When God, disgusted with man,
Turned towards heaven.
And man, disgusted with God,
Turned towards Eve,
Things looked like falling apart.

But Crow.      Crow
Crow nailed them together,
Nailing Heaven and earth together –

So man cried, but with God’s voice.
And God bled, but with man’s blood.

Then heaven and earth creaked at the joint
Which became gangrenous and stank –
A horror beyond redemption.

The agony did not diminish.

Man could not be man nor God God.

The agony

Grew.

Crow

Grinned

Crying: ‘This is my Creation,’

Flying the black flag of himself.

Crow’s Theology

Crow realised God loved him-
Otherwise, he would have dropped dead.
So that was proved.
Crow reclined, marvelling, on his heart-beat.

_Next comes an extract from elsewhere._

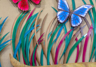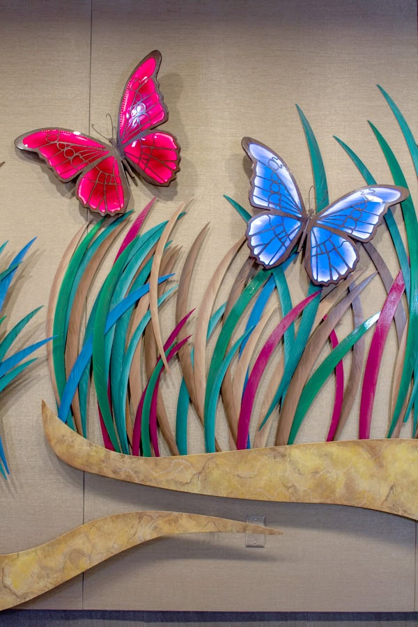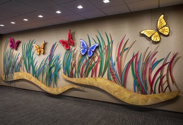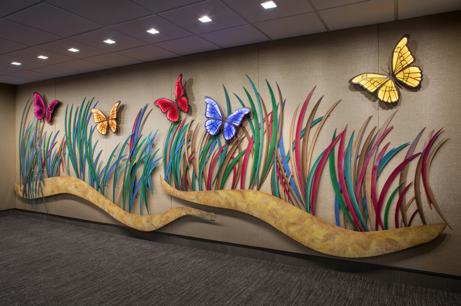 The colors of the heartland Great Plains is the inspiration behind this wall sculpture featured in the new Fred and Pamela Buffett Cancer Center, in Omaha, Nebraska. Located in the lobby of the center, this 28-foot sculpture is featured on the main level. “Colors of the Prairie”, a painted metal Grassland and Butterfly Sculpture, includes five LED back lit, stainless steel and acrylic butterflies, and features aluminum blades of native grasses that represent the changing seasons.

And he realised that God spoke Crow-
Just existing was His revelation.

But what Loved the stones and spoke stone?
They seemed to exist too.
And what spoke that strange silence
After his clamour of caws faded?

And what loved the shot-pellets
That dribbled from those strung-up mummifying crows?
What spoke the silence of lead?

Crow realised there were two Gods-

One of them much bigger than the other
Loving his enemies
And having all the weapons.

 

When I posted recently on Enright’s Paradise Illustrated I also referenced Ted Hughes’ Crow, a book that had a huge impact on me at the time I read it, probably around 1975/76, 3 or 4 years after its publication. It’s a publication that produced at the time, and continues today I suspect, the poles of opinion and response. Without exploring these, I will say that I still find its nightmare vision and bludgeoning expression of this as compelling today as when I first read.

Unlike the Enright, there aren’t the ostensibly comic moments to lighten the darkness, though I do think the comic-strip hyperbole exists to reflect the poetic madness of any commentary trying to explain our lives and world, and the other mythologies that have attempted the same.

I studied for a Bachelor of Education degree – English and Education – and in my third year I wrote an extended essay on Crow. Whilst I could improve so much on its expression if I rewrote this today, the depth and intensity of my research and use of supporting reference has long passed me by. That awful seepage! It was a wonderful and impressionable time.

I do vividly recall seeing at that same time Ted Hughes and Seamus Heaney reading together in the Newman Rooms at Oxford. It was stunning. Hughes read almost exclusively from Crow and it was a mesmerising experience. I was so powerfully affected I wrote about the experience, but perhaps thankfully I couldn’t find the poem when looking for it today [!], though I do remember prefacing it with a quote from, I think, Anthony Thwaite, referring to Hughes’ Pennine stabs of voice which is an apt description.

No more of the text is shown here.